RDR Fuels Demand for Low-Cost Funds
European providers of exchange-traded products have noted a substantial uptick in inflows into passively managed investment products in the wake of the onset of the UK’s Retail Distribution Review (RDR) this year. Prior to the introduction of RDR, analysts noted that its introduction should result in an increased investor appetite for lower-cost passive investment products, since RDR effectively abolished commission payments from fund providers to financial advisers. The predictions, so far, have proven to be accurate.
According to Ignites Europe, Vanguard has quickly established itself as one of the leading fund families on Cofunds, one of the UK’s largest platforms. Since reaching a distribution deal with Cofunds last year, Vanguard has quickly become the fourth most popular fund family on the platform as of the first quarter of 2013, according to data from Cofunds. According to Nick Blake, Vanguard’s head of UK retail, RDR has proven to be a significant “boom” for Vanguard’s fund business in the UK. Other passive fund providers have enjoyed similar success noting RDR as the primary cause. In a recent interview by Fundweb, Pollyanna Harper, iShares' head of UK intermediary sales, stated that “in the three months since the implementation of the RDR, we’re encouraged to see a steady increase in the amount of assets advisers are holding in ETFs through platforms.”
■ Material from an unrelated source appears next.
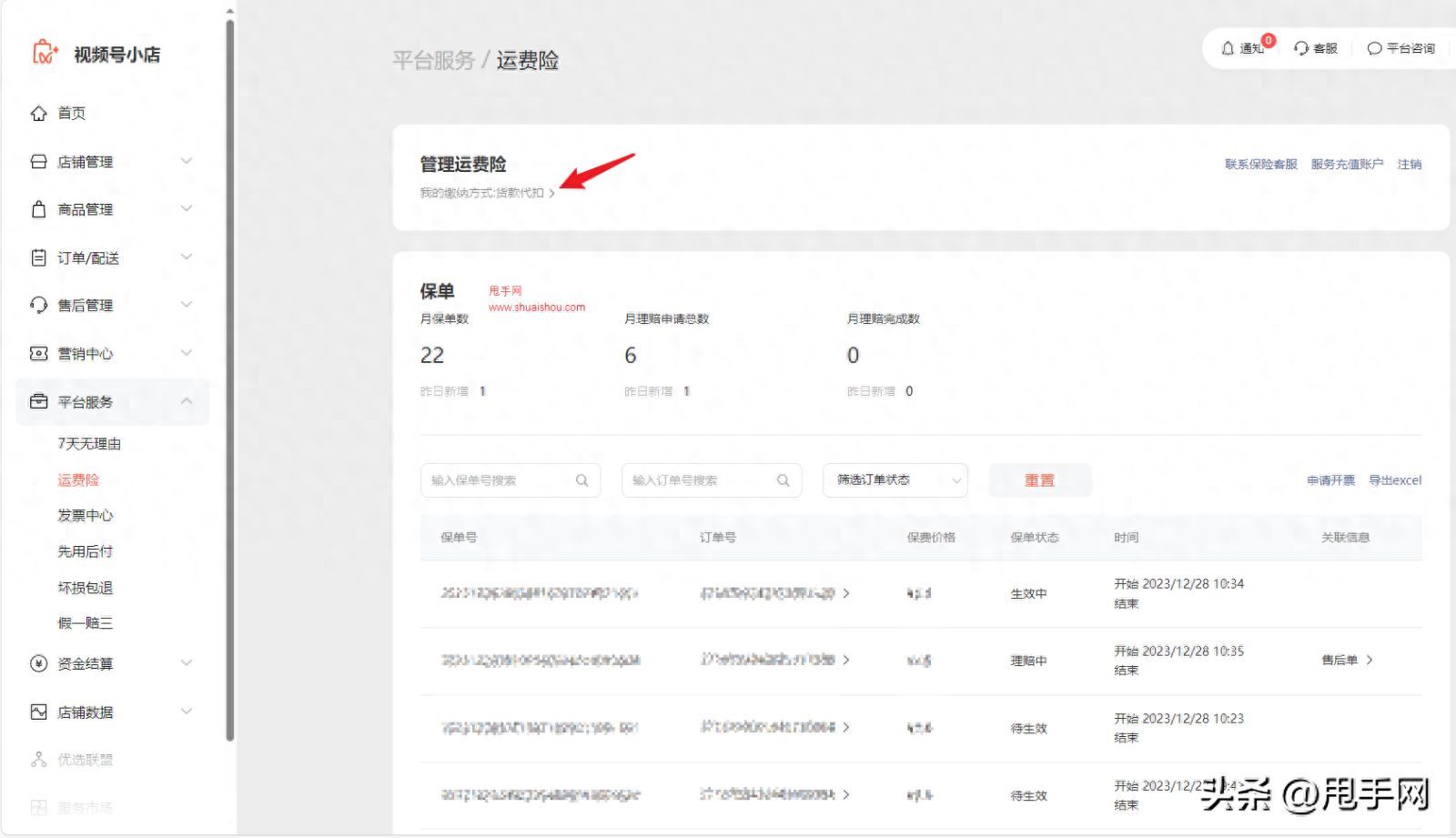切换路径:PC登录视频号小店-【平台服务】-【运费险】-【管理运费险】-【我的缴纳方式】

In related news, Morningstar released its 3rd annual Global Investor Experience report in May, a comprehensive overview of the experiences of mutual fund investors in 24 countries worldwide. The UK received a grade of B- up from its 2011 grade of C+ indicating. Overall, Morningstar’s analysts cited above-average grades in regulation and taxation as well as sales practices as the key drivers behind the improved marks. However, the UK rated below-average in the disclosure and fees categories. According to the report, “The UK received high marks for the dominance of open-architecture distribution in the market, giving most fund investors a wide array of choice. It was also noted that the Retail Distribution Review should ensure that investors have more choice across different vehicle types. The UK’s tax regime for fund investors, specifically with respect to capital gains, was also cited as being better than average. Conversely, the move from the simplified prospectus to the KIID detracted from the UK’s disclosure grade. The Morningstar report found that fees remained a relative weak spot for UK funds, but noted that this is expected to improve in the wake of the Retail Distribution Review.” Not only, therefore, is RDR poised to bolster the asset flows of passive product providers in the UK, but should also work to improve the average fund investor’s experience.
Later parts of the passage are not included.